CodePudding user response：

You can either save all the models for each fold, for example, if you have 5 folds, you then have 5 models. Run your test set through each model and ensemble the predictions.

You might have been using kfold to determine the best hyperparameters. In this case, retrain using these best hyperparams with the ENTIRE data set (train and validation) and then evaluate on the external test set. Its not clear from your question if you are doing train/test splitting or train/validation/test so be careful you don't overlap the sets.

CodePudding user response：

There are two issues here:

If you're using cross-validation, do not scale the data first. Instead, you need to add a scaler to a pipeline, and do the cross-validation using the pipeline. This is because during cross-validation, each training step needs the data scaled only to the current training set, not to the entire dataset.
In cross-validation, you do not actually train the model yourself. Instead, sklearn is going to train it for you inside the cross-validation loop. Once you have selected the model you're going to use, then you will train the model on all your data.

So here's one way to approach your task:

from sklearn.datasets import make_classification
from sklearn.model_selection import train_test_split
from sklearn.preprocessing import StandardScaler
from sklearn.svm import SVC
from sklearn.pipeline import make_pipeline
from sklearn.metrics import confusion_matrix, accuracy_score
from sklearn.model_selection import cross_val_score, cross_val_predict, cross_validate

X, y = make_classification(n_features=2, n_redundant=0, n_informative=2, random_state=1)

X_train, X_test, y_train, y_test = train_test_split(X, y, test_size=0.2, random_state=1)

sc = StandardScaler()
clf = SVC(kernel='rbf', random_state=0)

# Make a pipeline model that scales and estimates.
pipe = make_pipeline(sc, clf)

# Make predictions during cross-validation.
y_pred = cross_val_predict(pipe, X_train, y_train, cv=10, n_jobs=-1)

cm = confusion_matrix(y_train, y_pred)
score = accuracy_score(y_train, y_pred)
print("SVM Model: ")
print(cm)
print('Validation accuracy on training set: {:.2f}%'.format(score*100))
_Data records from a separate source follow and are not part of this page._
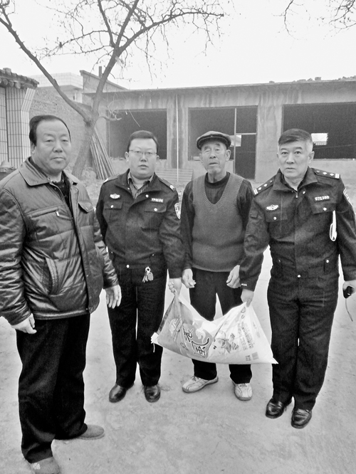近年來,大隊(duì)把扶貧工作當(dāng)作一項(xiàng)政治任務(wù)抓在手上,為了更好地精準(zhǔn)扶貧,按計(jì)劃力爭提前完成扶貧攻堅(jiān)任務(wù)。2015年,李晉生擔(dān)任了原平市南白鄉(xiāng)尚義村的第一書記,負(fù)責(zé)該村的幫扶工作。南白鄉(xiāng)尚義村是原平市的重點(diǎn)貧困村,也是交警大隊(duì)幫扶村,全村204人,貧困人口占80%。當(dāng)年12月17日,他自籌2000多元,購買了米、面、糧、油,與大隊(duì)的4位民警來到了南白鄉(xiāng)尚義村走訪慰問特困家庭。在全市開展精準(zhǔn)扶貧的攻堅(jiān)階段,為了讓特困家庭度過溫暖的冬季,交警大隊(duì)民警進(jìn)村入戶共慰問五保戶、特困戶8戶,為他們送去了面粉、大米和食用油。同時(shí),大隊(duì)長還看望了90歲高齡的抗戰(zhàn)老兵趙書良,1925年出生的趙書良老人,17歲時(shí)就參軍,在抗日戰(zhàn)爭中多次立功授獎(jiǎng)。當(dāng)老人雙手接過慰問金后,激動(dòng)地說:“還是共產(chǎn)黨好,人民警察和人民真是心連心??!”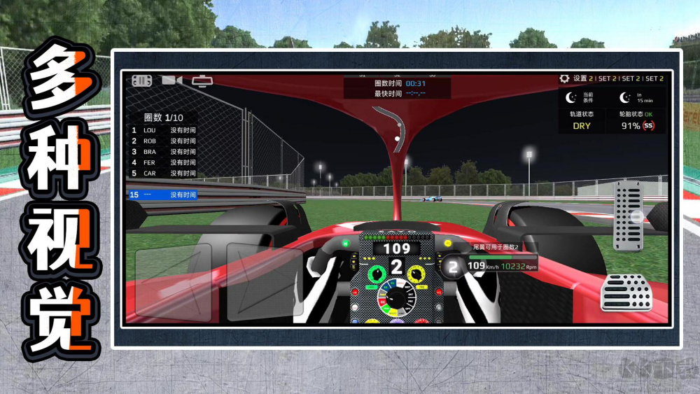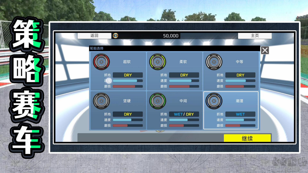 4、轮胎规则:每场比赛必须使用指定种类的轮胎,干地胎雨地胎不能混用,进站换胎会消耗额外时间。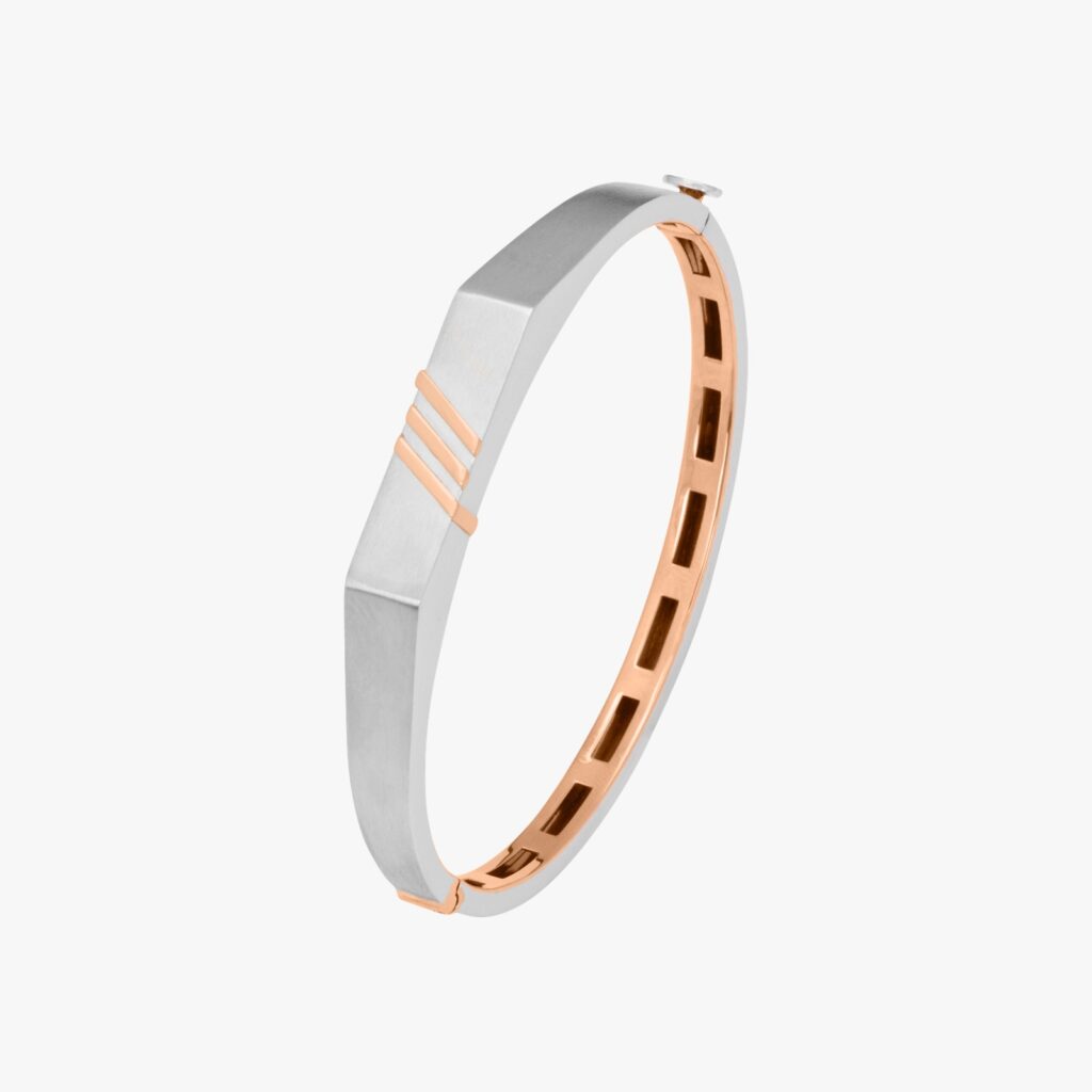 Elevate your brother’s everyday style with this sleek, dual-tone kada/men’s bracelet, crafted from a striking combination of matte-finish white and rose gold. The contemporary geometric design is accented with three parallel rose gold lines, adding a bold touch to its minimalist aesthetic. With a refined, structured build and a smooth inner lining for comfort, this piece is a perfect gift to your brother this Bhai Dooj to honor your bond with enduring elegance.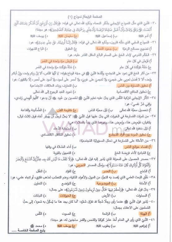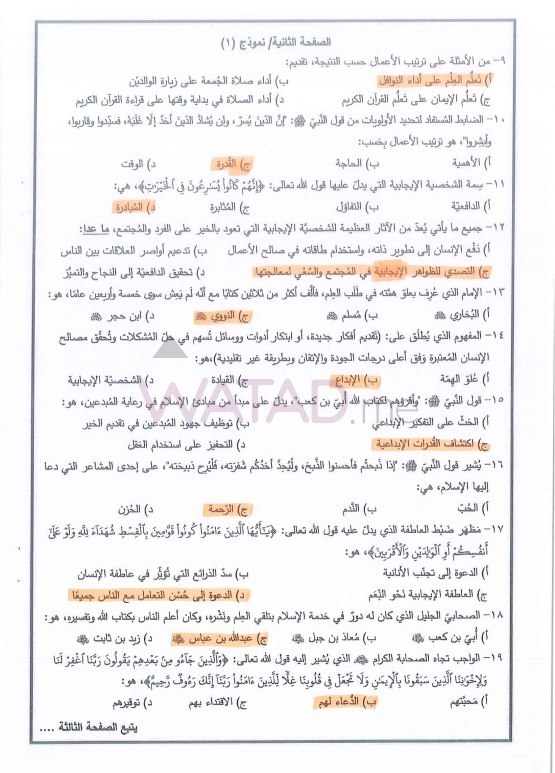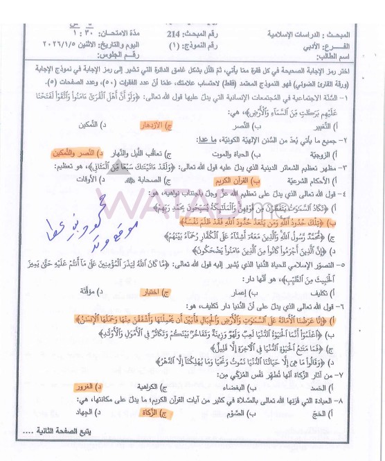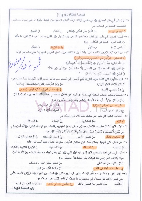 اجابات امتحان الدراسات الاسلامية 2025 التكميلي الاردن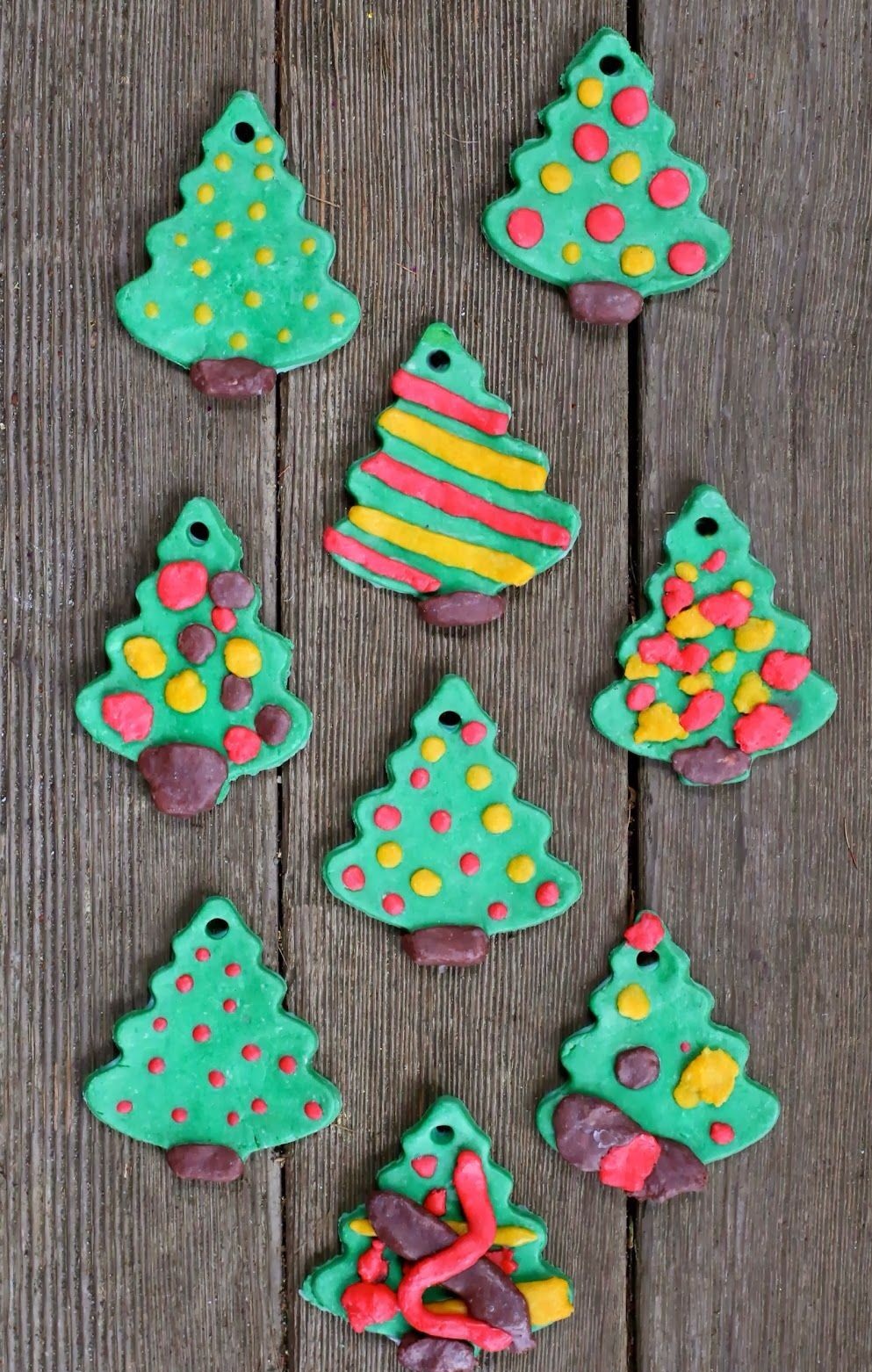- Faça árvores de Natal em forma plana. Para fazer isso, basta cortá-los da massa com uma faca de brinquedo e assar. Enquanto a massa é macia, você pode fazer belos padrões nela.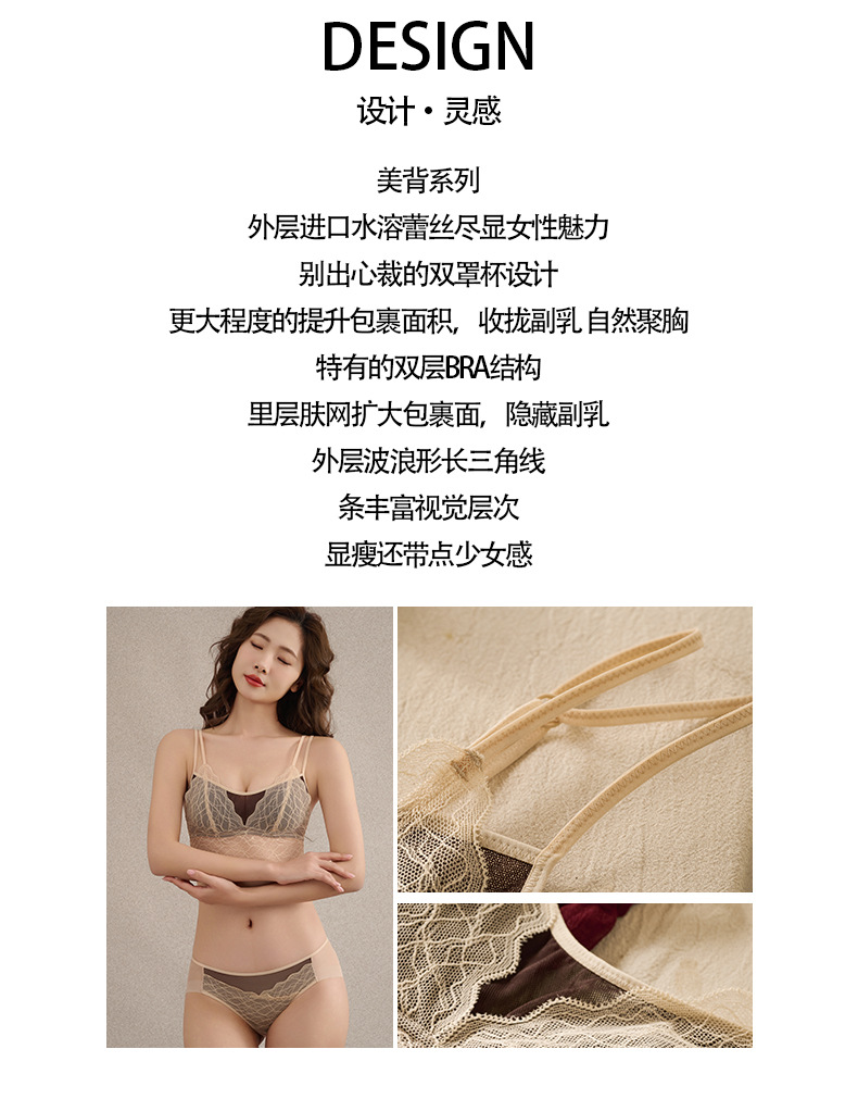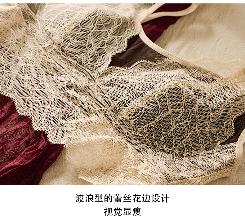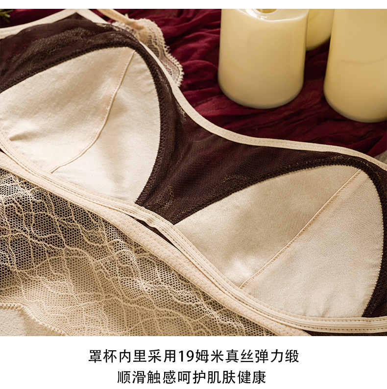 丁摩真丝撞色蕾丝文胸美背 桑蚕丝防走光双罩杯性感蕾丝内衣AL02S250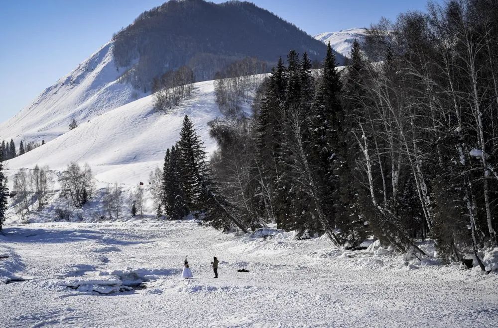2024年2月5日,两名游客在新疆阿勒泰地区布尔津县禾木村拍照。新华社记者 马锴/摄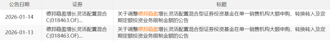 部分基金則宣布限購。德邦基金連發(fā)兩則公告,調整德邦穩(wěn)盈增長混合基金限購金額。根據公告,自1月14日起,德邦穩(wěn)盈增長混合基金在單一銷售機構大額申購A類、C類基金份額的金額上限,由原1000萬元、100萬元分別調整為10萬元、1萬元。類似的還有,1月13日,永贏基金發(fā)布公告,對旗下永贏高端裝備智選混合、永贏信息產業(yè)智選混合兩只基金進行限購。

# Alternatively, use cross_val_score.
accuracies = cross_val_score(estimator=pipe, X=X_train, y=y_train, cv=10)
print()
print('Accuracy of k-fold validation: {:.2f}%'.format(accuracies.mean()*100))
print('Standard deviation of k-fold validation: {:.2f}%'.format(accuracies.std()*100))

This results in:

SVM Model: 
[[41  0]
 [ 3 36]]
Validation accuracy on training set: 96.25%

Accuracy of k-fold validation: 96.25%
Standard deviation of k-fold validation: 5.73%

The key thing about cross_val_predict is that it makes predictions during cross-validation, when each fold of the data is the validation set. Then it puts all the predictions together to give you validation predictions for the full dataset, so you can use sklearn's various scoring tool on that.

The nice thing about cross_val_score is that you see all the scores from each fold. Notice that they average to the same thing as the overall dataset: 96.25%. But now you can also get the variance, which is important because this informs you a bit about the possible prediction variance you can expect from the model on unseen data in the future.

What about the test data?

You should not test your model against X_test and y_test until the very end of the model selection workflow. Only when you have set all the hyperparameters in the model, e.g. the C, kernel, and gamma hyperparameters in this particular algorithm, should you check how that model does on the test data. To put it another way: do not use test for model tuning, only for performance estimation.